Case against the cabinet for nature in the Voordelta

Seven nature organizations will go to court on Monday to force the cabinet to restore nature in the Voordelta, a European protected nature reserve off the coast of Zeeland and South Holland. The Netherlands is legally obliged to restore nature in this area, as compensation for the construction of the Second Maasvlakte. A large area of ​​permanently flooded sandbanks with associated flora and fauna has been lost, almost 2,500 hectares.

The Netherlands committed itself fourteen years ago to restoring nature in the Voordelta Natura 2000 area, but little has come of this in practice, according to the organisations, including Natuurmonumenten, World Wildlife Fund and Vogelbescherming Nederland.

South Coast Area

The Voordelta was already designated in 2008 as a so-called seabed protection area, so that large fishing vessels are no longer allowed to enter the area. At the time, the agreement was that in an area ten times as large as the current Maasvlakte 2, at least 10 percent ecological gain would be achieved, so together good for 100 percent compensation. To this end, in 2008 a large part of the Voordelta was designated as a ‘bottom protection area’ and large fishing vessels were no longer allowed to sail there. But in practice, there is not much to notice about quality improvement in the Voordelta, according to the nature organizations, although there are no hard figures on this.

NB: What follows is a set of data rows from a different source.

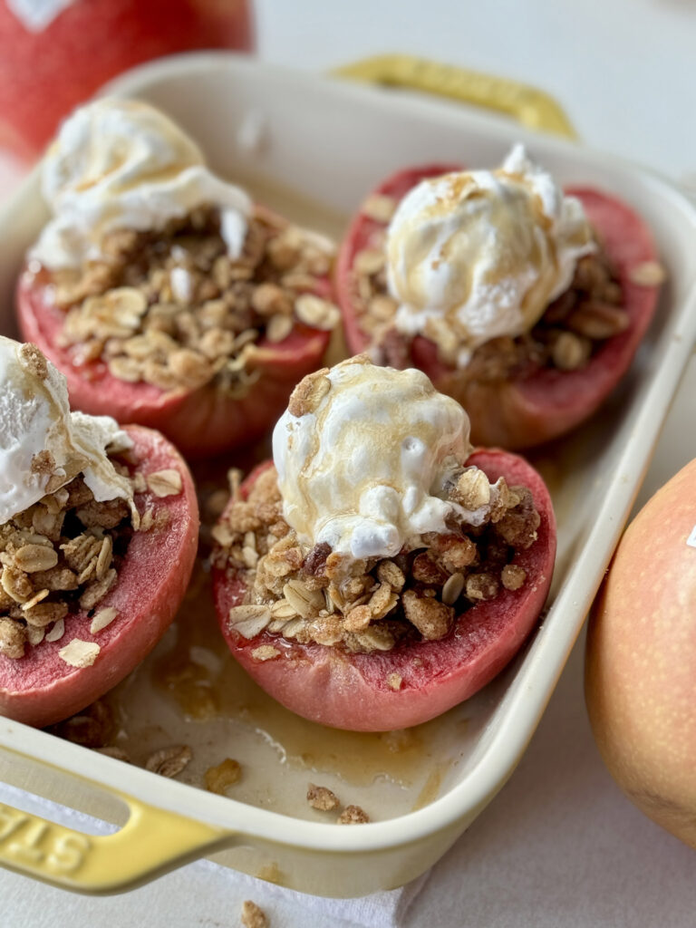 When the weather cools down, there’s nothing better than the scent of baked apples filling the kitchen. These Lucy™ Baked Apples with Oat Crumble are sweet, spiced, and irresistibly cozy — the perfect simple dessert that feels special but takes just minutes to make. With a buttery oat-pecan topping and a pop of Lucy’s signature pink hue, they’re as beautiful as they are delicious.
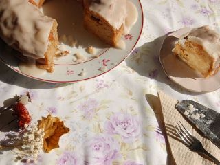 Mezcla el azúcar glas con la leche y la canela. Vierte esta glaseado encima del bizcocho. Deja secar el frosting.
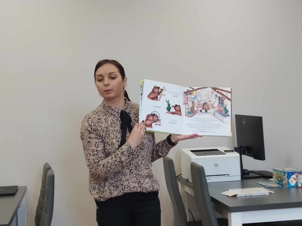 Bóbr zawsze chce być perfekcyjny! Wszystko robi starannie, uważanie i rozważanie. – powiedziała bibliotekarka Joanna, czytając fragment książki pt. ,,Za doskonały tort urodziny” Katy Hudson. Historia opowiadała przygody futrzanego bohatera, który chciał upiec tort na swoje zbliżające się urodziny. Miał na niego fantastyczny przepis i nadzieję, że przysmak wyjdzie doskonale! – brzmiała dalej opowieść. Do pomocy przy kuchennych pracach zgłosili się przyjaciele Bobra. Niestety zwierzę nie było zadowolone, ponieważ martwiło się czy jego bliscy przygotują ciasto dokładnie tak jak sobie wymarzyło.

The nature organizations point to the ever-increasing number of shrimp fishermen, who sail with smaller vessels and have been kept outside the ban and have received permits. When fishing they disturb the bottom, which makes the life of many species impossible. The nature organizations now want Minister Christianne van der Wal (Nature and Nitrogen, VVD) to close off the area almost completely from human activity and to turn it into a real reserve. According to the organizations, this is the only way to make the compensation a success.

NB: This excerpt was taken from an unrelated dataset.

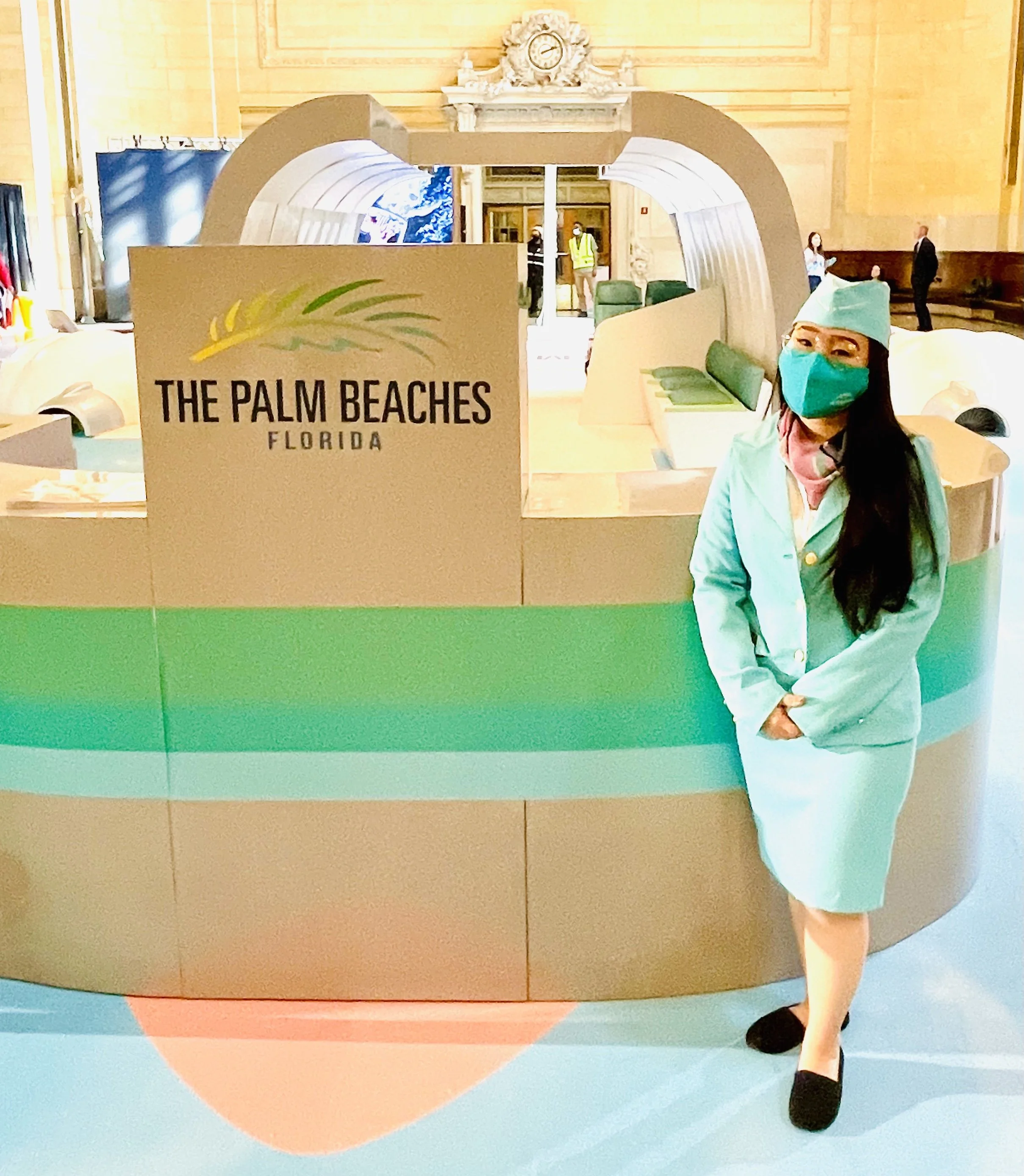 Visitors were instructed to enter a giveaway by taking a selfie in the colorful space and tagging affiliated partners for a chance to win two roundtrip tickets to beaches IRL. The faux flight attendants mingled about the grand space handing out “trip inspiration guides” and exclaiming to visitors, “there are now 25 daily direct flights from JFK to the Palm Beaches”.

Read the backstory: ‘The minister thinks it’s fantastic that shrimps celebrate underwater’

Alternatives

Two months ago, Minister Van der Wal acknowledged in a letter to the organizations that “it is not sufficiently plausible” that banning large-scale fishing over the past fourteen years has been sufficient in the Voordelta, but is shying away from measures for the time being. She points out that there is still enough ‘biomass’ under water to provide food for some protected bird species, and she doubts whether establishing a reserve will have the desired effect. She would rather await further studies on alternative nature compensation.

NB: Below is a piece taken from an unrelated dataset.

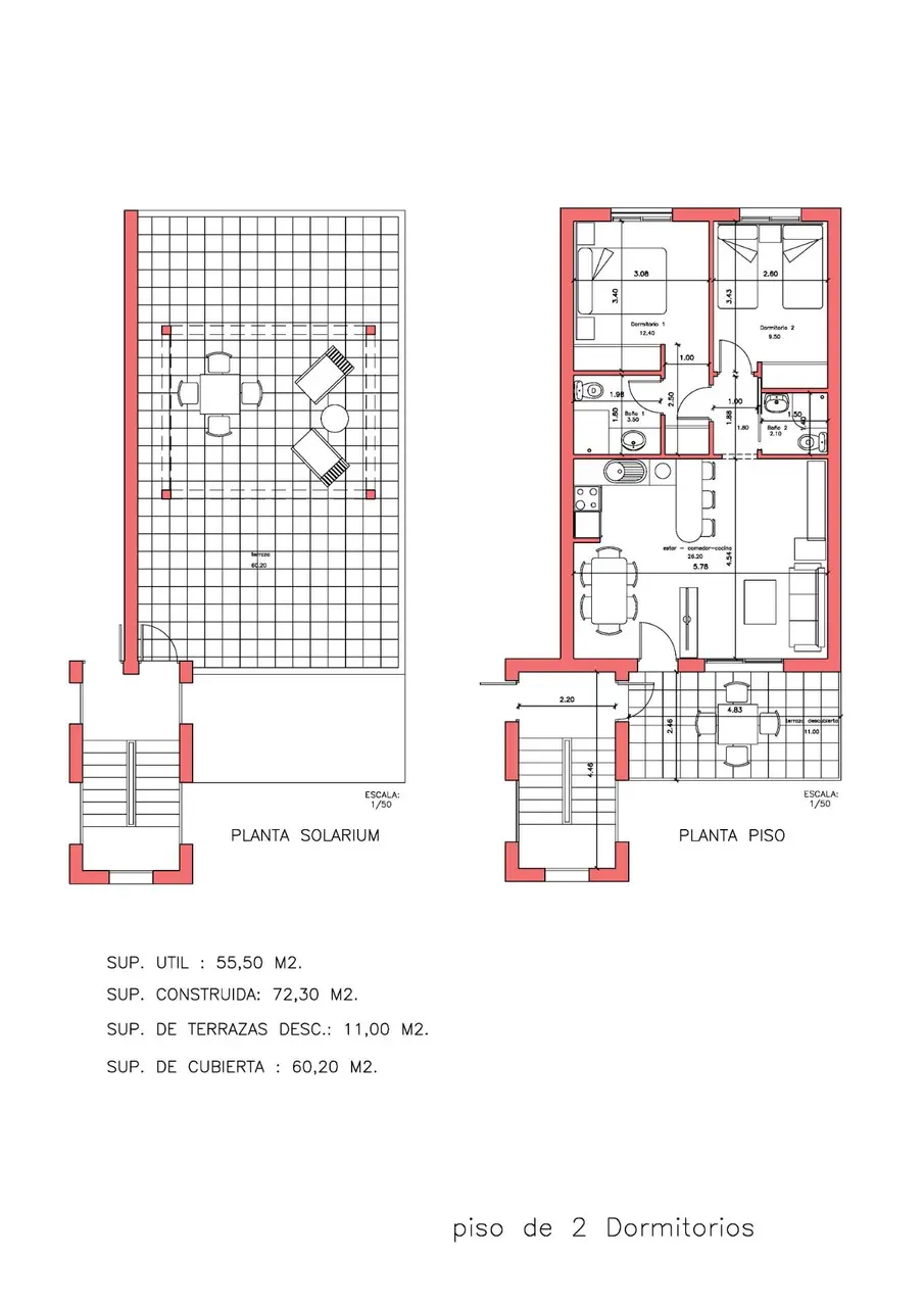 Bungalow na parterze z prywatnym ogrodem i bungalow na najwyższym piętrze z prywatnym solarium.

Professor of nature conservation law Kees Bastmeijer of Tilburg University thinks that the nature organizations have a good chance of success in court. “It would be very strange if they were not proven right.” The compensation should actually have started before the construction of Maasvlakte 2, he argues, and the fact that the European Commission has agreed to this should have been all the more reason to carry out the compensation properly afterwards. “That didn’t happen. They have not done what was promised. I don’t understand how the minister let it get this far.”